Итак, повторы невербальных форм поведения характеризуют социальный статус персонажей, их социальное мироощущение. Одновременно они способствуют раскрытию либо сиюминутного психологического состояния героя, либо постоянных свойств его характера. И хотя глубину психологического анализа раннего Чехова не стоит преувеличивать, несомненно, что писателю удается представить психологически достоверного комического героя.

С этой целью в ряде рассказов писатель не стесняется использовать достаточно стандартные формы невербального психологизма. Герои его рассказов «Петров день» (1881), «Пропащее дело» (1882), «Месть» (1882), «Размазня» (1883), «Женщина без предрассудков» (1883), «Репетитор» (1884) и др. не раз краснеют, бледнеют, сопровождают свою речь паузами, у них дрожат руки и т. д. Тем не менее названные формы выполняют предписанную им роль, способствуя созданию живых, психологически достоверных героев.

В названных рассказах при использовании перечисленных форм комическое начало почти не проявляется. Комизм усиливается, когда Чехов прибегает к иным формам.

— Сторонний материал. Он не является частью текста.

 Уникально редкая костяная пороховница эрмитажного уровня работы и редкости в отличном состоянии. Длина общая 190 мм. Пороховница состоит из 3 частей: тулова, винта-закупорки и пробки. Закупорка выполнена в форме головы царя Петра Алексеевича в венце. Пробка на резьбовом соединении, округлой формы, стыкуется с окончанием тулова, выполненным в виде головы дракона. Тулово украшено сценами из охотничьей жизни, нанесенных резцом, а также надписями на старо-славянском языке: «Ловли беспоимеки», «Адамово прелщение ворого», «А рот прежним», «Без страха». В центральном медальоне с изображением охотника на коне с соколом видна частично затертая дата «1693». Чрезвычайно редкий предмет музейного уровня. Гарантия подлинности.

В рассказе «Perpetuum mobile» наряду с уже знакомыми нам персонажами изображен товарищ прокурора Тюльпанский. Две черты поведения отличают его от других: он не произносит ни одного слова и курит сигару: «Говорили все, кроме прокурора Тюльпанского, который сидел, молчал и пускал через ноздри табачный дым» (II, 324). Такое поведение — постоянное молчание и пускание дыма — это и демонстрация своего профессионального статуса, и одновременно черта амбициозного человека, в этом плане напоминающего Апломбова из рассказа «Брак по расчету»: «Было очевидно, что он считал себя аристократом и презирал доктора и следователя» (II, 324).

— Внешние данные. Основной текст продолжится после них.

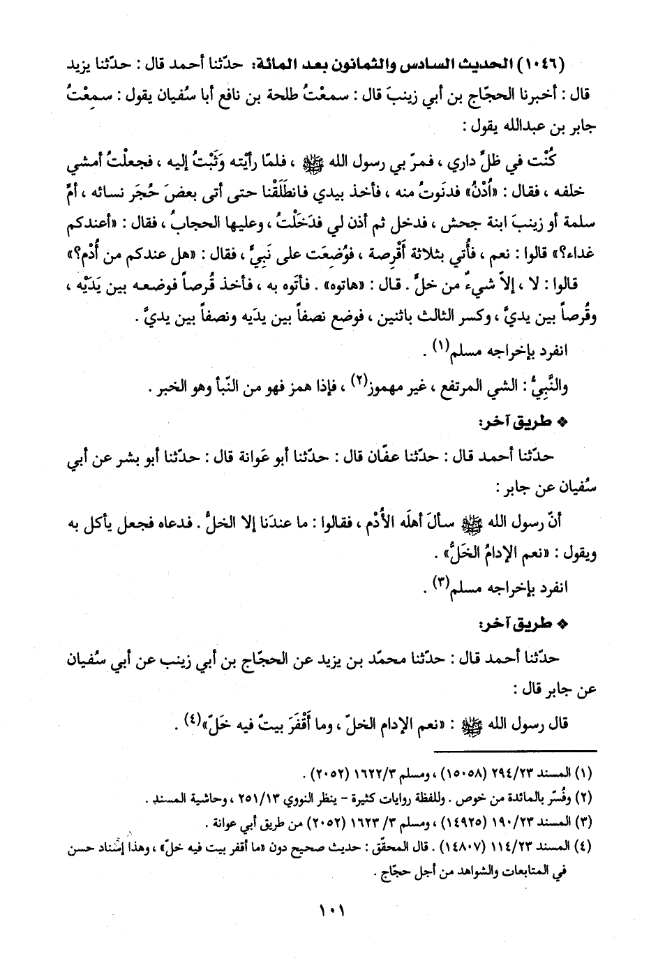 (٤) المسند ٢٣/ ١١٤ (١٤٨٠٧). قال المحقّق: حديث صحح دون "ما أقفر بيت فيه خلّ"، وهذا إسناد حسن في المتابعات والشواهد من أجل حجّاج.
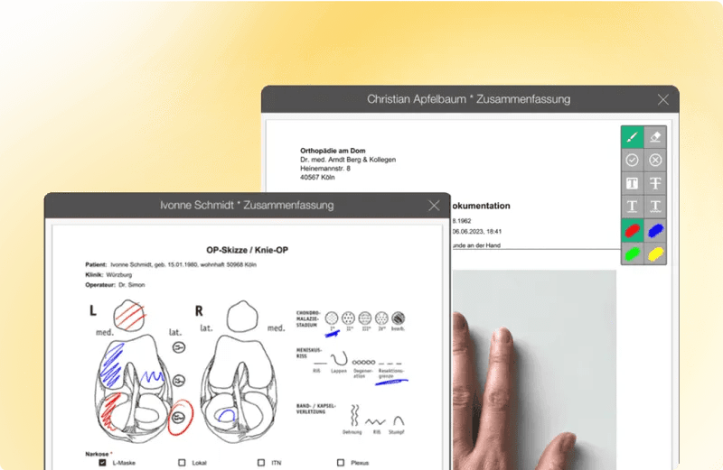 Dokumentieren, Skizzieren und Unterschreiben Sie direkt am Patienten, OP-Tisch oder Endoskop. Wir machen es Ihnen leicht, Ihre Dokumentation zu bebildern.

Невербальные повторы разного типа высвечивают комически обрисованные психологические особенности трагика Феногенова («Трагик», 1883), обусловленные его профессиональной принадлежностью к актерам именно трагического амплуа: «Давали «Князя Серебряного» <...> Спектакль вышел на славу. Трагик делал буквально чудеса. Он похищал Елену одной рукой и держал ее выше головы, когда проносил через сцену. Он кричал, шипел, стучал ногами, рвал у себя на груди кафтан. Отказываясь от поединка с Морозовым, он трясся всем телом, как в действительности никогда не трясутся и с шумом задыхался» (II, 184).

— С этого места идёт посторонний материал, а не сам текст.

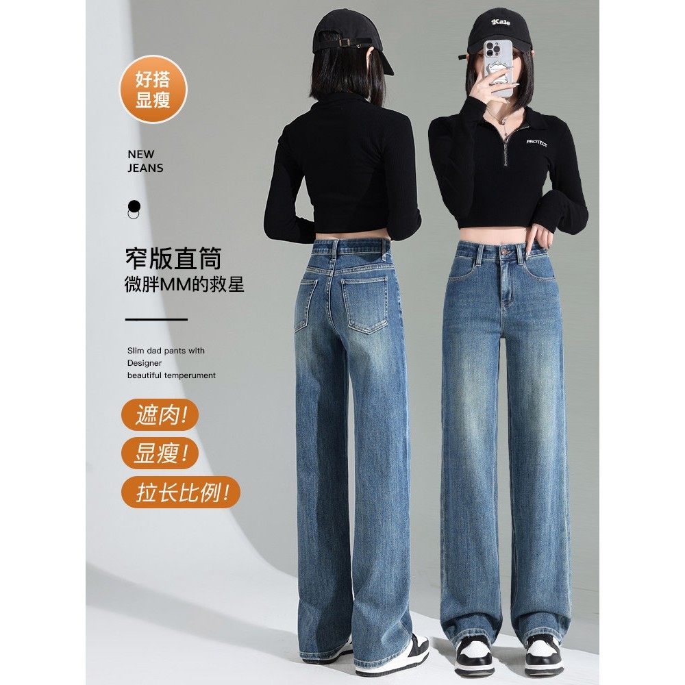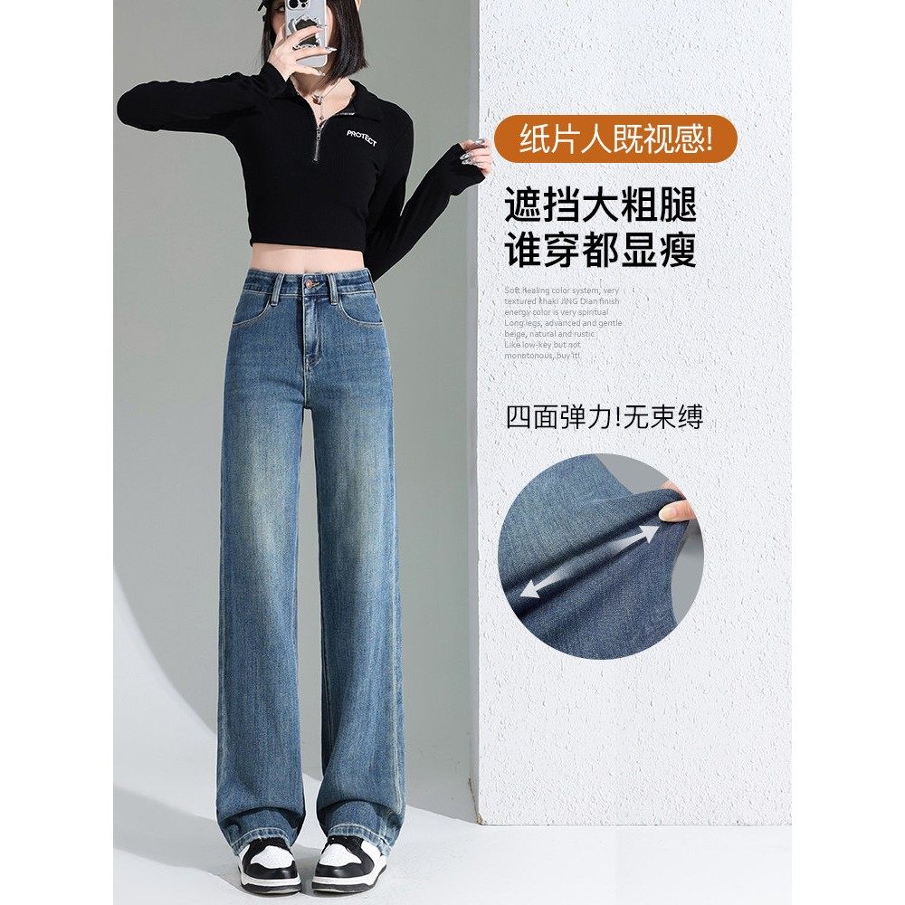 天丝醋酸直筒牛仔裤女2025新款夏季小个子高腰显瘦复古窄版阔腿裤

В рассказе «Драма» (1887) повторяющийся молитвенный жест Мурашкиной одновременно выражает и ее страстное желание познакомить читающую публику со своим созданием, и ее восприятие литератора Павла Васильевича как достойного поклонения, сакрализуемого объекта: «Увидев хозяина, она закатила под лоб глаза и сложила молитвенно руки» (VI, 224). И чуть далее: «Павел Васильевич! — сказала томно Мурашкина, поднимаясь и складывая молитвенно руки. — Я знаю, вы заняты... вам каждая минута дорога, и я знаю, вы сейчас в душе посылаете меня к черту, но... будьте добры, позвольте мне прочесть вам мою драму сейчас...» (VI, 226).

Социально-психологическую определенность тому или иному персонажу придают и повторы, характеризующие его визуальное поведение.

Так, в рассказе «Кухарка женится» (1885) жених-извозчик отказывается от водки, но не раз косится на нее, и мы понимаем, что за этим стоит и что ждет кухарку Пелагею в будущей жизни. Чехову не требуется подробно рассказывать о том, что извозчик — пьяница. Достаточно заметить, что, косясь на водку, он, выступающий в роли жениха и набивающий себе цену, из последних сил сдерживает себя.

Визуальные формы поведения дополняют психологическими и одновременно комическими штрихами образы персонажей в рассказах «Дочь Альбиона» (1883) и «Пересолил» (1885). В первом из них автор фиксирует внимание на взгляде англичанки, передающем особенности ее характера — «Англичанка <...> медленно повела нос в сторону Грябова и измерила его презрительным взглядом. С Грябова подняла она глаза на Отцова и его облила презрением» (II, 196). Во втором комически представлено, как возница неоднократно и напряженно оглядывается на запугавшего его землемера, самого испытывавшего чувство страха. В рассказе «Шведская спичка» (1884) Дюковский, сторонник «психологических» («философских») методов в работе следователя, обладает таким взглядом, после которого предполагаемые «преступники» чувствуют себя либо дурно, либо готовы признаться в содеянном: «Дюковский молчал и не отрывал своих колючих глаз от побледневшего лица Псекова» (II, 209). Ср.: «Спрашиваю вас именем закона! Где Кляузов? Нам все известно!

— Через кого? — спросила тихо становиха, не вынося взгляда Дюковского» (II, 217).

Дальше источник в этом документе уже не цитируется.